Hyperconnected cities to reap US$60 billion, says new report

6th December 2019 Kirsty Tuxford

A new study has found that cities should be aiming to become ‘hyperconnected’ rather than just ‘smart’ as cities could collectively enjoy a return on investment of as much as US$60 billion if they were to become fully hyperconnected.

ESI ThoughtLab revealed their year-long global study–Building a Hyperconnected City–at the Smart City Expo World Congress in Barcelona in November.

The study by economists evaluated 100 cities from 52 countries and concluded that hyperconnected cities make better use of energy and resources, as well as offering citizens improved safety, health and wellbeing.

“Cities that leverage new digital technologies to transform and securely interconnect critical elements of their urban ecosystem can potentially unlock massive levels of economic, business, environmental and social benefits,” explained Mike Daly, Communications Specialist, ESI ThoughtLab.

Cities were analysed in terms of their use of technology, cybersecurity, data and analytics, and also assessed on the connectedness of their citizens.

Examples of hyper-connectedness include public Wi-Fi, the Internet of Things (IoT), cloud, and mobile technology, which are used by more than nine out of 10 cities in the study.

Other commonly used technologies include biometrics (83 percent of cities), AI (82 percent), blockchain (66 percent), and telematics (52 percent).
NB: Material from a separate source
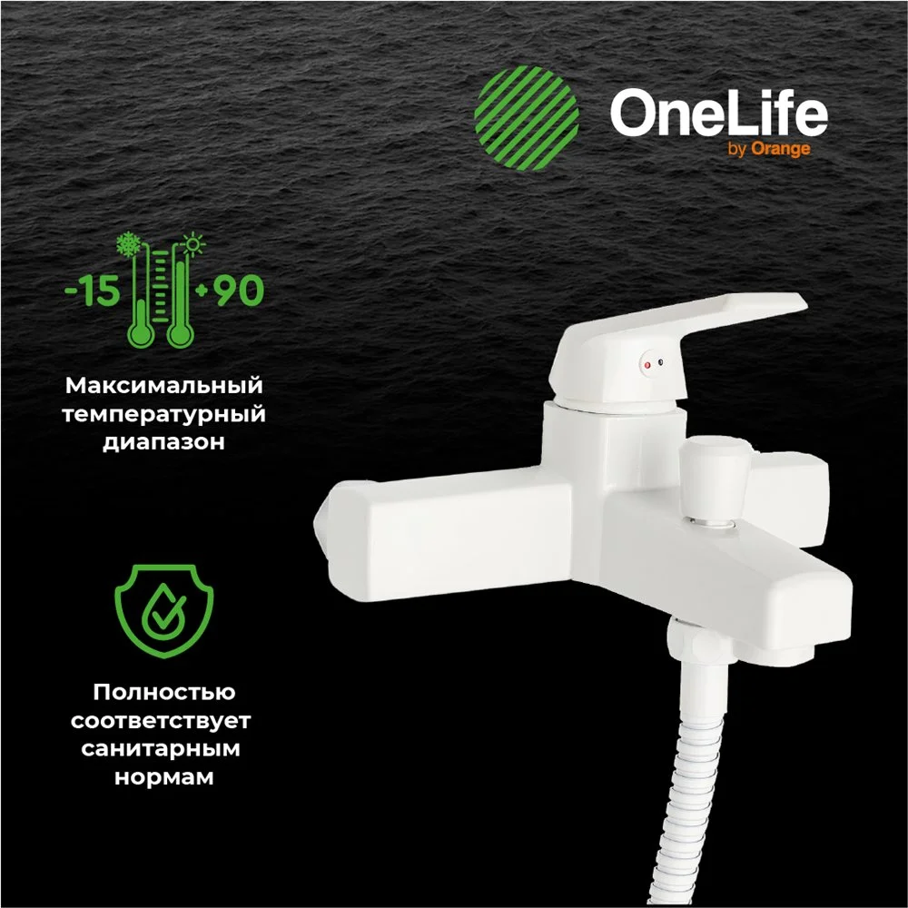 Однозахватный полимерный смеситель для ванны/душа с фиксированным изливом и душевым набором OneLife гармонично дополнит интерьер ванной комнаты в современном или традиционном стиле. Фирменный картридж Orange обеспечит легкое управление напором и температурой воды. Вместо привычного латунного сплава он изготовлен из запатентованного высокотехнологичного полимера (выдерживает 510 000 циклов и 53 АТМ без замены изделия после теста на цикличность, исключает возможность обжечься при касании, не подвержен коррозии и окислению, стойкий к отрицательным температурам), что обеспечивает срок службы более 15 лет. Встроенный аэратор экономит воду и, обогащая струю воздухом, делает её мягкой и без брызг. Переключение между режимами душ/ванна осуществляется с помощью вытяжного дивертора. В комплекте душевой набор: ручной душ d 110 мм (3 режима струи) с силиконовыми наконечниками (защита от известкового налета RUB CLEAN), с системой AIR IN; настенный держатель ручного душа с регулировкой угла наклона (в шести позициях); душе

By combining this technology with available data, cities are making the most of smart buildings, roads, energy grids, water systems, mobility and transport.

Barcelona is highlighted for leading the way in hyper-connectedness by successfully promoting citizen engagement with its technology initiatives, and thus avoiding so-called ‘tech-lash’–when citizens rebuke new technologies. The city has a democratic digital platform called Decidim.Barcelona, which is used by 400,000 citizens to debate urban solutions, participate in decision making, and shape future policies.

Becoming hyperconnected is not without its challenges. Procurement procedures, lack of funding and failure to engage citizens with new technology are some reasons cities struggle to succeed in achieving hyper-connectivity.

ESI’s Daly advises: “Making the business case and monitoring performance of ROI is critical if you want to get key stakeholders on board with your plan for building a hyperconnected city.”

ESI is a thought leadership and economic research firm that helps business and government leaders cope with transformative change. The study was completed with the backing of several corporate sponsors including Nokia, JLL and the Re-imagining Cities Foundation.